Supplementary Material
Supplementary data are available at Genome Biology and Evolution online (http://www.gbe.oxfordjournals.org/).
Acknowledgements
This work was supported by the National Science Foundation (DEB 1441677 to M.E.S.; DEB 1441715 to J.E.S.; DEB-1441604 to J.W.S.), the University of Florida Department of Plant Pathology and the Institute for Food and Agricultural Sciences, and the USDA-National Institute of Food and Agriculture (FLA-PLP-005289). The work (proposal 10.46936/10.25585/60001062) conducted by the U.S. Department of Energy Joint Genome Institute (https://ror.org/04xm1d337), a DOE Office of Science User Facility, is supported by the Office of Science of the U.S. Department of Energy under Contract No.
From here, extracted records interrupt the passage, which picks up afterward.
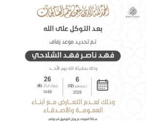 تم تحديد حفل زفاف فهد ناصر فهد الشلاحي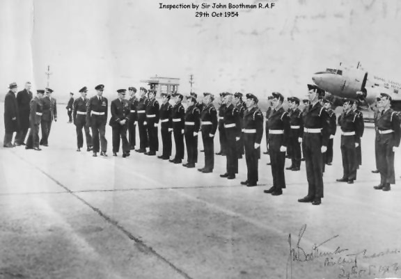 Conducting themselves like veterans, members of No. 588 Canadair Air Cadet squadron put on an impressive show when they formed a guard-of-honour for Sir John Boothman. Air Officer Commanding in Chief, RAF Coastal Command. In the above photo Sir John is seen inspecting the guard, which is drawn up on the tarmac outside plant-1. Accompanying the Air Chief Marshal is Flight Lieutenant Eric Simms, officer commanding the squadron, followed by Flight Lieutenant Harry Lynas the guard commander. At the rear the inspecting party, R. A. (Bob)Neale vice-president-manufacturing, and Peter Redpath,vice-president-sales who escorted Sir John during his tour of the plant. |
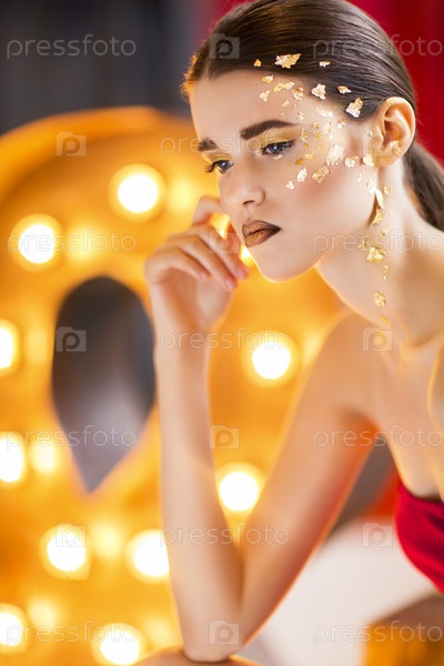 Портрет красивой женщины с яркими блестками

DE-AC02–05CH11231. We would also like to thank undergraduate researchers who helped along the way: Sophia Torla, Adrian Emery, and Elizabeth Dautel.
Data Availability
All genome data have been deposited to Genbank (accession numbers in supplementary Table S1, Supplementary Material online) and R scripts and other analysis files are available at the Center for Open Science OSF site: DOI 10.17605/OSF.IO/6ZNP7. Cultures not already deposited in collections were submitted to the CBS (Centraal Bureau voor Schimmelcultures, Westerdijk Fungal Biodiversity Institute) collection.